BEGIN GIVEN DATA
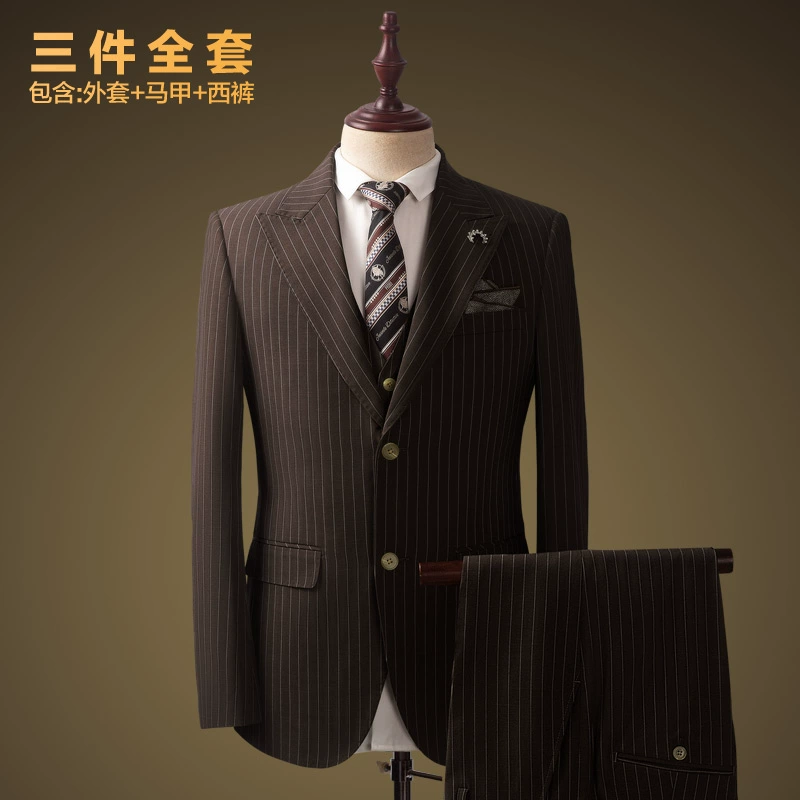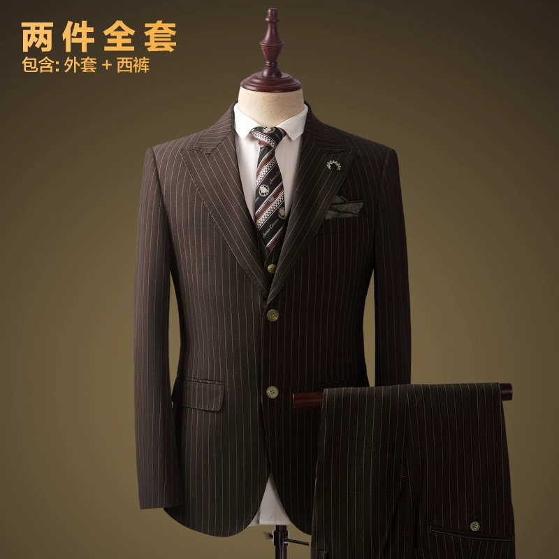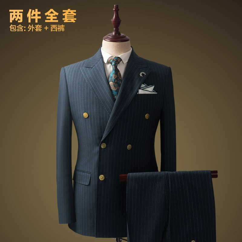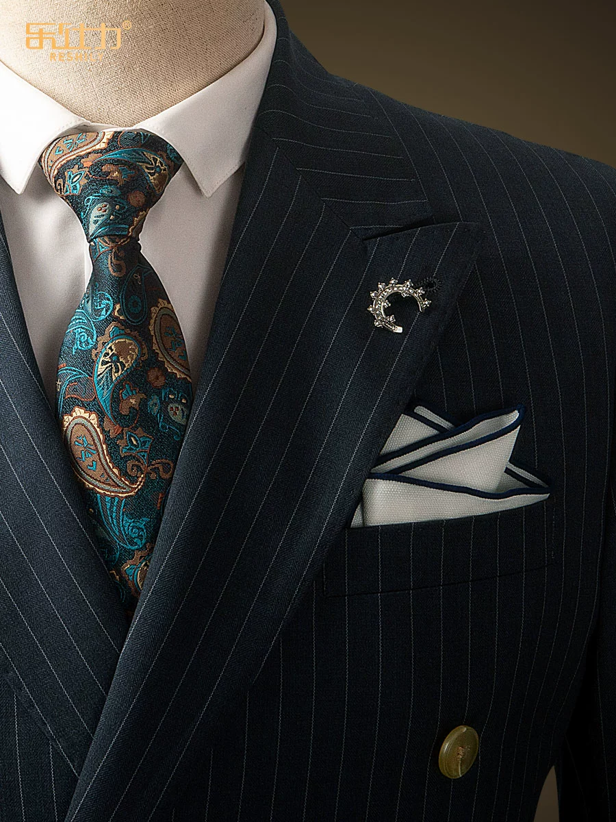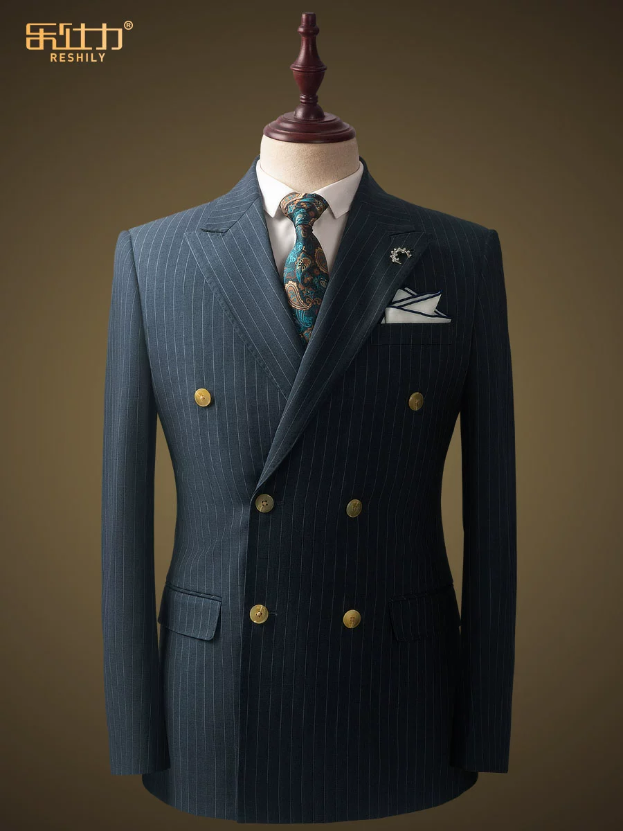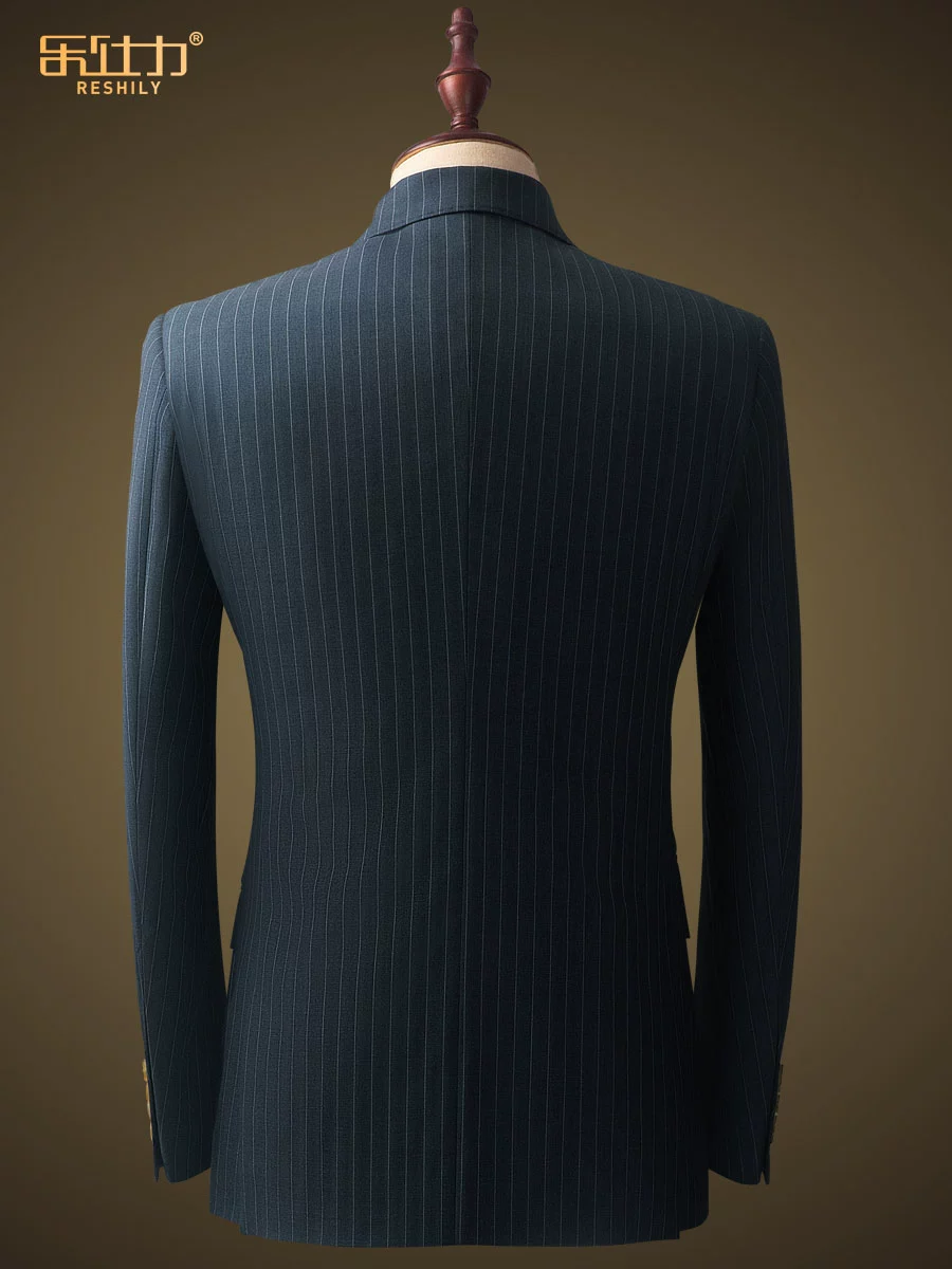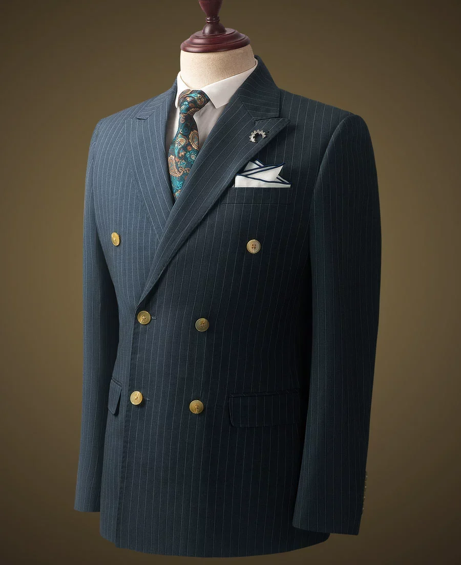 Costume Homme en Laine – Ensemble Élégant Gris Bleu à Rayures, Coupe Slim, Haut de Gamme, Idéal pour Mariage, Cérémonie ou Tenue de Bureau
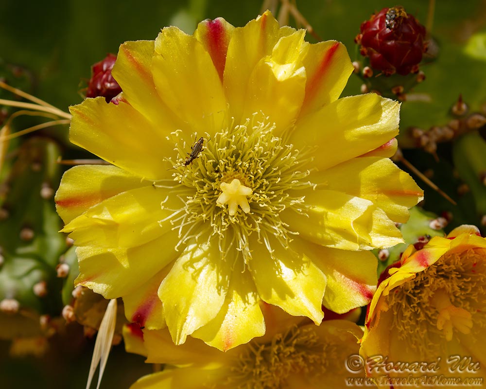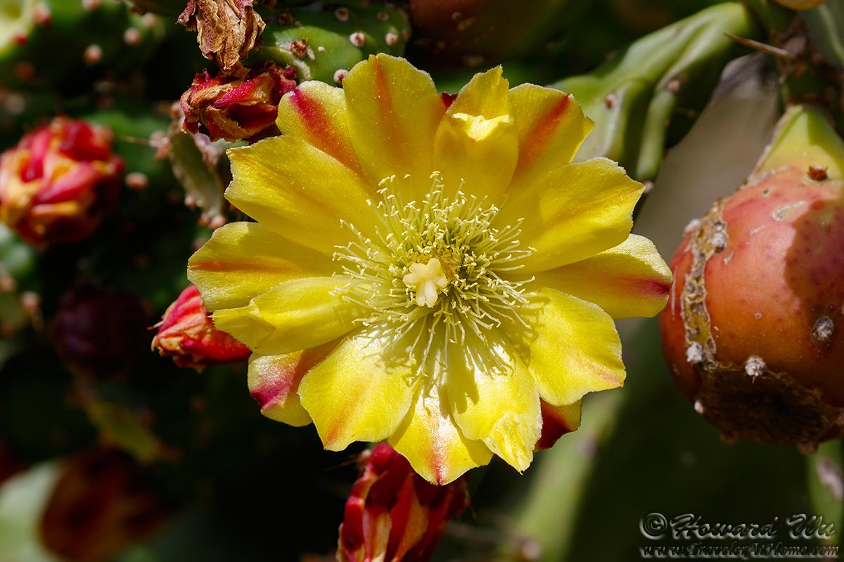 One of the houses there had clusters of cactus near its fence that were blooming. Their yellow flowers are magnificent. They are not native though (cacti are native to the Americas).
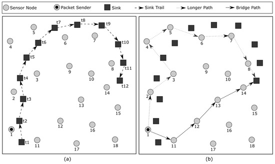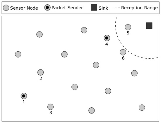 35]. The sink sends its position to nodes every 5 s. The transmission range of the sink and nodes is 185 m using breakpoint path loss [
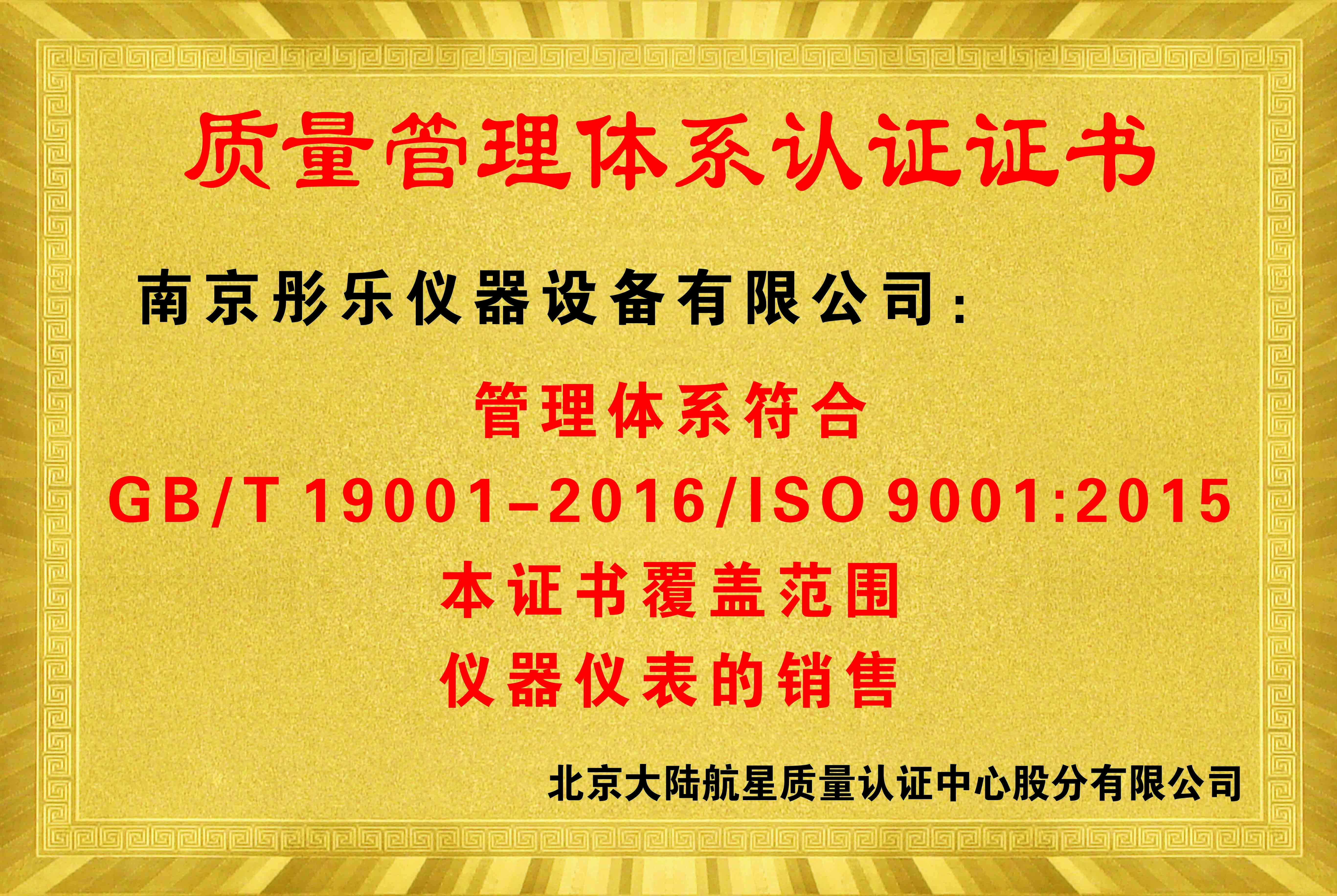 質(zhì)量管理體系認證證書
END GIVEN DATA
WORK INSTRUCTIONS —
Copy the listing above verbatim, leaving out pictures.

YOUR RESPONSE —
 Costume Homme en Laine – Ensemble Élégant Gris Bleu à Rayures, Coupe Slim, Haut de Gamme, Idéal pour Mariage, Cérémonie ou Tenue de Bureau
 One of the houses there had clusters of cactus near its fence that were blooming. Their yellow flowers are magnificent. They are not native though (cacti are native to the Americas).
 35]. The sink sends its position to nodes every 5 s. The transmission range of the sink and nodes is 185 m using breakpoint path loss [
 質(zhì)量管理體系認證證書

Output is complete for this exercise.